Over time, the complexity of these tests increased from shorter model integrations to seasonal and ensemble simulations at 1 km spatial resolution, while solving associated data challenges at these scales at the same time. The trials have been crucial for understanding new architectures and the remote deployment of workflows. They also helped to understand the limits of scalability, and they created unique datasets for gauging what science challenges and opportunities lie ahead, also in support of machine learning.
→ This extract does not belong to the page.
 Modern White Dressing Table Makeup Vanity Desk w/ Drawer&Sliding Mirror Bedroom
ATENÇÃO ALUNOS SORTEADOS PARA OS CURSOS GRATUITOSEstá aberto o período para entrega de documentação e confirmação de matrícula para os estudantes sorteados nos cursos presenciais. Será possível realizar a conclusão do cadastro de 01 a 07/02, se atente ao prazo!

Scalability Programme – the implementation phase
With the completion of the first, research-oriented phase, ECMWF took stock of the results obtained so far, assessed the options for further development, and identified a roadmap for implementing research into operations. Some of the highlights include:
- establishing the quantitative limits for business-as-usual performance speed-ups, i.e. the baseline against which intrusive changes need to be compared
- developing the concept of dwarfs, tested on different processor technologies and optimised to the extreme
- preparing alternative formulations of model components, including the IFS-Finite Volume Model (FVM) dynamical core, which would overcome fundamental limitations of the spectral core
- developing and testing the new domain-specific language (DSL) concept for separating legible science from highly optimised code layers targeting different processor types, and automated source-to-source code transformation tools (Loki; GridTools for Python, GT4PY-FVM)
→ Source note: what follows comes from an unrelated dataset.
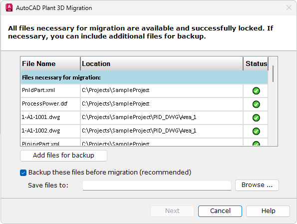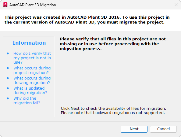 4. Vergewissern Sie sich, dass das Projekt und die verknüpften Zeichnungsdateien geschlossen sind. Klicken Sie auf der Seite zum Starten der Projektmigration auf Weiter.

- first successful adaptation of dwarfs to more exotic dataflow processors, such as field-programmable gate arrays (FPGAs)
- testing and implementing mixed-precision developments (atmosphere and ocean models), which become increasingly effective due to machine-learning-targeted processor developments by industry
- developing ECMWF’s new data structure library Atlas, which greatly facilitates operations on diverse grids and meshes, also for coupling different model components
- implementing the object-based datastore for workflow acceleration and product generation, ECMWF’s Fields Database (FDB5), into operations
- full demonstration of model output post-processing for a 1 km ensemble based on FDB5, using the latest high-bandwith, non-volatile memory extension technology
- developing the new IO-server supporting all Earth-system model data (MultIO)
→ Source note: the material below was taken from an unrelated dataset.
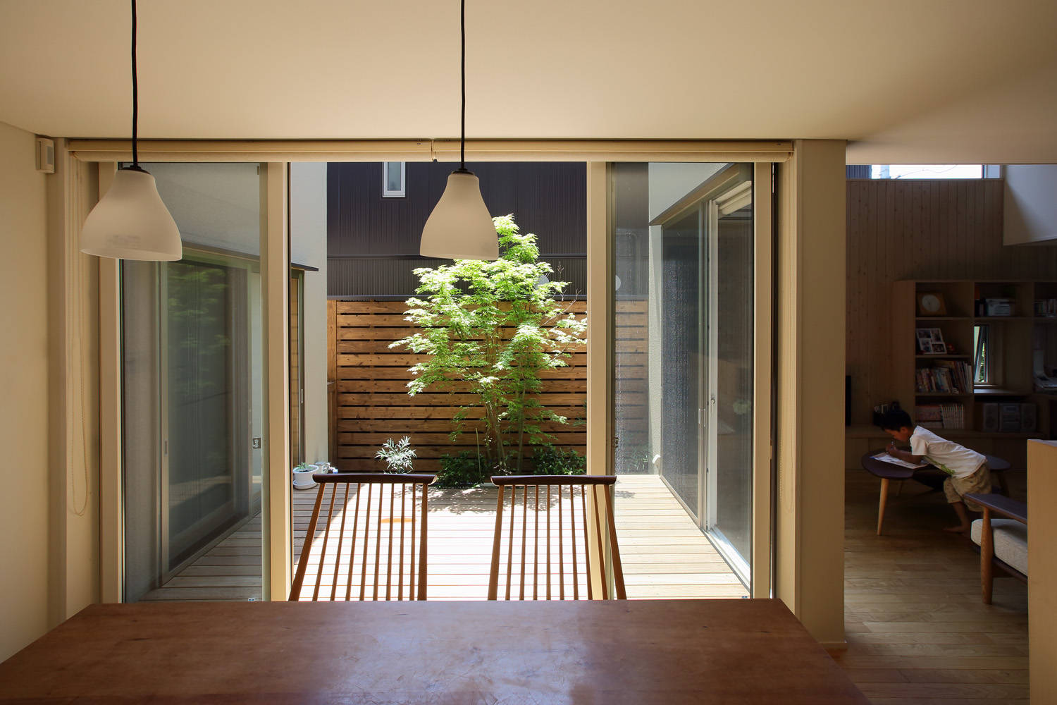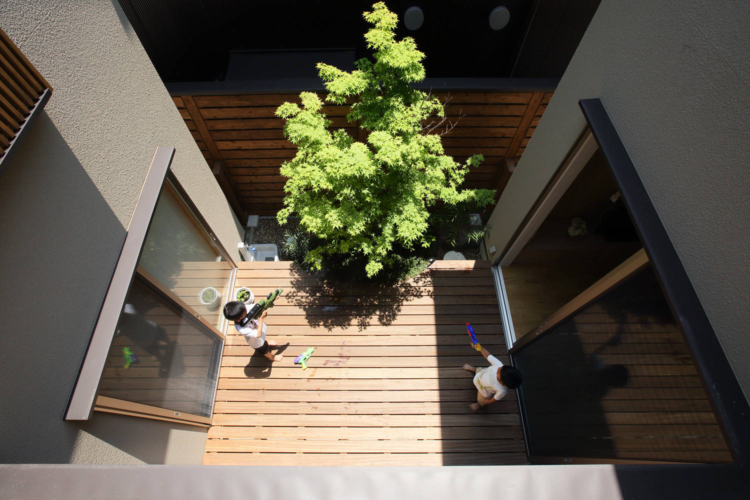 大阪近郊の良好な住宅地に建つ中庭形式の、若い子育て世代のお住まいです。

- implementing a new, data-driven simulator for realistic workflows (Kronos), successfully used in ECMWF’s recent HPC procurement.
The Scalability Programme also spun off a new ECMWF activity on machine learning that has established a roadmap for applications across the entire prediction workflow. This activity has created a new level of partnerships with Member States, academia and vendors and served as a template for similar activities run by other centres and agencies.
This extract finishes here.